Bagehot wrote in the 1870s. His words are if anything more pertinent now.

Benevolence is a curious creature. Its operation tends to be more beneficent the more specific it is. This was a point that James Fitzjames Stephen, the great 19th-century critic of John Stuart Mill, made in his book Liberty, Equality, Fraternity:

The man who works from himself outwards, whose conduct is governed by ordinary motives, and who acts with a view to his own advantage and the advantage of those who are connected with himself in definite, assignable ways, produces in the ordinary course of things much more happiness to others . . . than a moral Don Quixote who is always liable to sacrifice himself and his neighbors. On the other hand, a man who has a disinterested love of the human race--that is to say, who has got a fixed idea about some way of providing for the management of the concerns of mankind--is an unaccountable person . . . who is capable of making his love for men in general the ground of all sorts of violence against men in particular.

Political correctness tends to breed the sort of unaccountability that Stephen warns against. At its center is a union of abstract benevolence, which takes mankind as a whole for its object, with rigid moralism. This is a toxic, misery-producing brew. In On Enlightenment, the Australian philosopher David Stove got to the heart of the problem when he pointed out that it is precisely this combination of universal benevolence fired by uncompromising moralism that underwrites the cult of political correctness. "Either element on its own", Stove observed,

is almost always comparatively harmless. A person who is convinced that he has a moral obligation to be benevolent, but who in fact ranks morality below fame (say), or ease; or again, a person who puts morality first, but is also convinced that the supreme moral obligation is, not to be benevolent, but to be holy (say), or wise, or creative: either of these people might turn out to be a scourge of his fellow humans, though in most cases he will not. But even at the worst, the misery which such a person causes will fall incomparably short of the misery caused by Lenin, or Stalin, or Mao, or Ho Chi Minh, or Kim Il-sung, or Pol Pot, or Castro: persons convinced both of the supremacy of benevolence among moral obligations, and of the supremacy of morality among all things. It is this combination which is infallibly and enormously destructive of human happiness.

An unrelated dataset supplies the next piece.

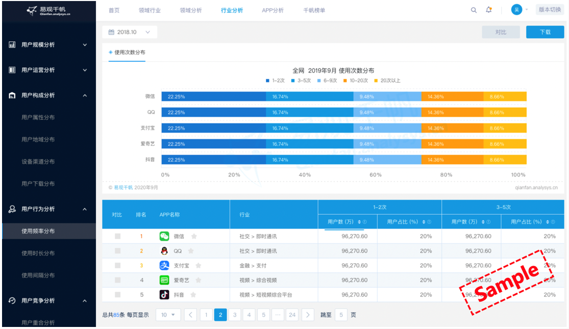 易觀千帆為了幫助企業(yè)提高產(chǎn)品用戶生命周期價(jià)值,新增使用頻率區(qū)間、使用頻率分布占比、使用頻率分布用戶數(shù)、使用間隔等用戶行為相關(guān)指標(biāo)。首先,企業(yè)可以通過用戶使用頻率區(qū)間對用戶分層;其次,可以通過用戶使用頻率分布、使用時(shí)長區(qū)間分布等指標(biāo)進(jìn)行與之對應(yīng)的產(chǎn)品推送。例如:某金融保險(xiǎn)APP大部分用戶單日使用頻率區(qū)間在1-2次,使用時(shí)間一般在12點(diǎn)-13點(diǎn)和20點(diǎn)-21點(diǎn),使用時(shí)長一般在10-30分鐘,那么該APP就可以執(zhí)行精準(zhǔn)營銷策略,在用戶使用APP高峰時(shí)段為這類用戶推送10-30分鐘內(nèi)能充分了解完產(chǎn)品詳情的高價(jià)值產(chǎn)品,從而引導(dǎo)用戶下單,提高用戶轉(zhuǎn)化價(jià)值。使用頻率區(qū)間:使用頻率為單日啟動(dòng)次數(shù),并分成區(qū)間1-2次、3-5次、6-9次、10-19次、20次以上。使用頻率分布占比:在統(tǒng)計(jì)周期(周/月)內(nèi),該App每日各使用頻率區(qū)間用戶數(shù)占比的平均值。使用頻率分布用戶數(shù):在統(tǒng)計(jì)周期(周/月)內(nèi),該App每日各使用頻率區(qū)間用戶數(shù)的平均值。使用時(shí)長區(qū)間:使用時(shí)長為單日使用時(shí)長,并分成區(qū)間0-3秒、4-9秒、10-29秒、30-59秒、1-3分鐘、3-10分鐘、10-30分鐘、30分鐘以上。易觀千帆致力于移動(dòng)互聯(lián)網(wǎng)產(chǎn)品分析,為企業(yè)評估渠道價(jià)值、營銷活動(dòng)獲客力度及轉(zhuǎn)化效果提供精準(zhǔn)的數(shù)據(jù)支持,幫助企業(yè)在運(yùn)營中精細(xì)掌握每一個(gè)環(huán)節(jié),延長用戶生命周期,提高用戶生命周期價(jià)值。
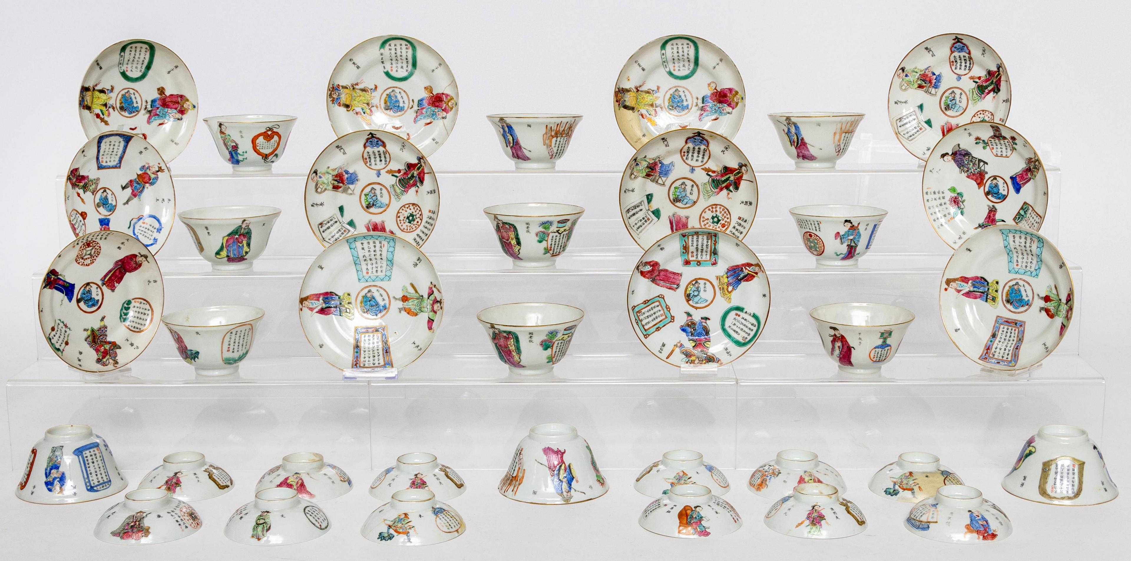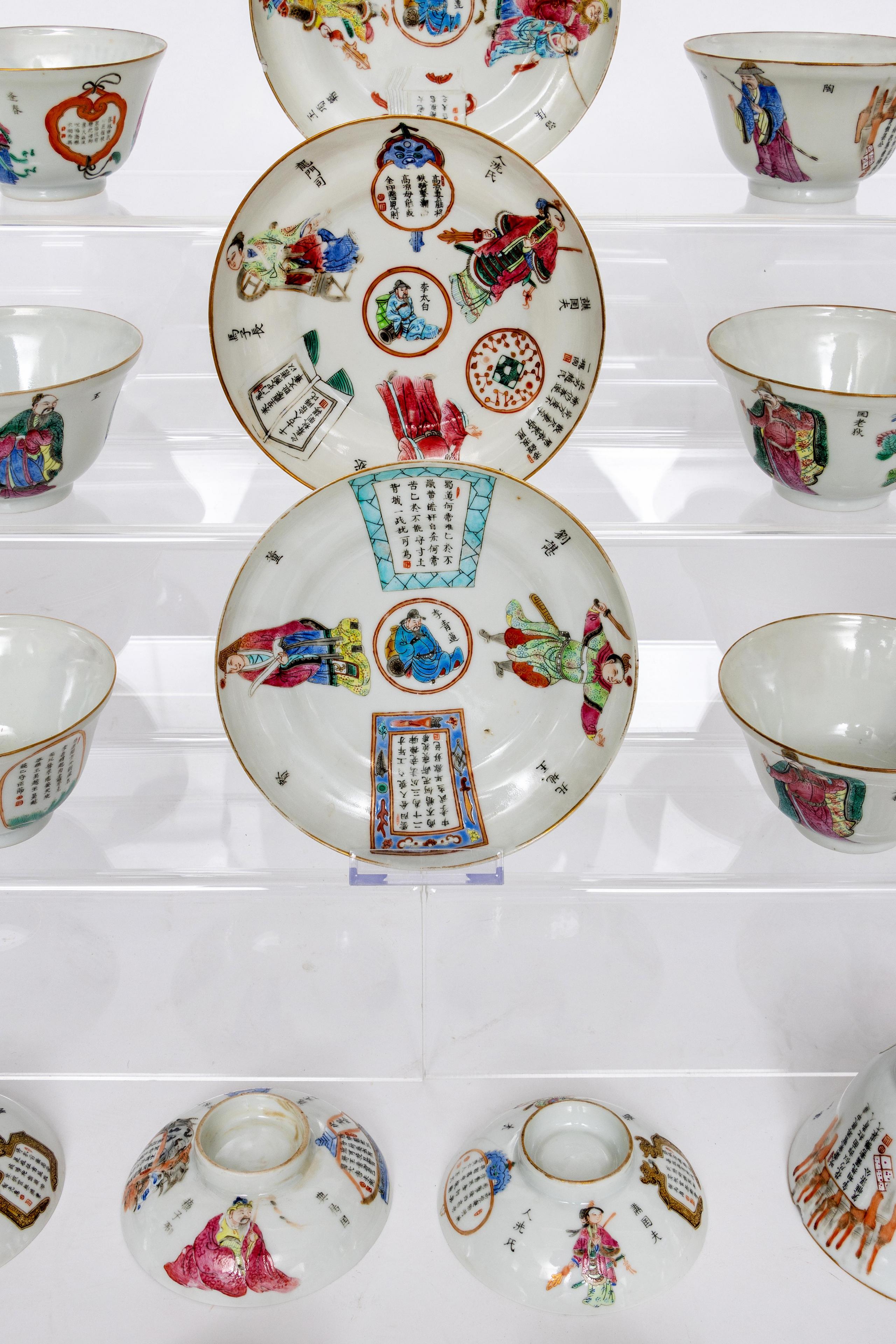each variously painted with figures and calligraphies from 'The Book of Peerless Heroes' (various chips, hairlines and damages and restorations)

Of course, as Stove goes on to note, this "lethal combination" is by no means peculiar to communists. It provides the emotional fuel for utopians from Robespierre to the politically-correct bureaucrats who preside over more and more of life in Western societies today. They mean well. They seek to boost all mankind up to their own plane of enlightenment. Inequality outrages their sense of justice. They regard conventional habits of behavior as so many obstacles to be overcome on the path to perfection. They see tradition as the enemy of innovation, which they embrace as a lifeline to moral progress. They cannot encounter a wrong without seeking to right it. The idea that some evils may be ineradicable is anathema to them. Likewise the notion that the best is the enemy of the good, that many choices are to some extent choices among evils--such proverbial, conservative wisdom outrages their sense of moral perfectibility.

Alas, the result is not paradise but a campaign to legislate virtue, to curtail eccentricity, to smother individuality, to barter truth for the current moral or political enthusiasm. For centuries, political philosophers have understood that the lust for equality is the enemy of freedom. That species of benevolence underwrote the tragedy of communist tyranny. The rise of political correctness has redistributed that lust over a new roster of issues: not the proletariat, but the environment, not the struggling masses, but "reproductive freedom", gay rights, the welfare state, the Third World, diversity training, and an end to racism and xenophobia. It looks, in Marx's famous mot, like history repeating itself not as tragedy but as farce.

It would be a rash man, however, who made no provision for a reprise of tragedy.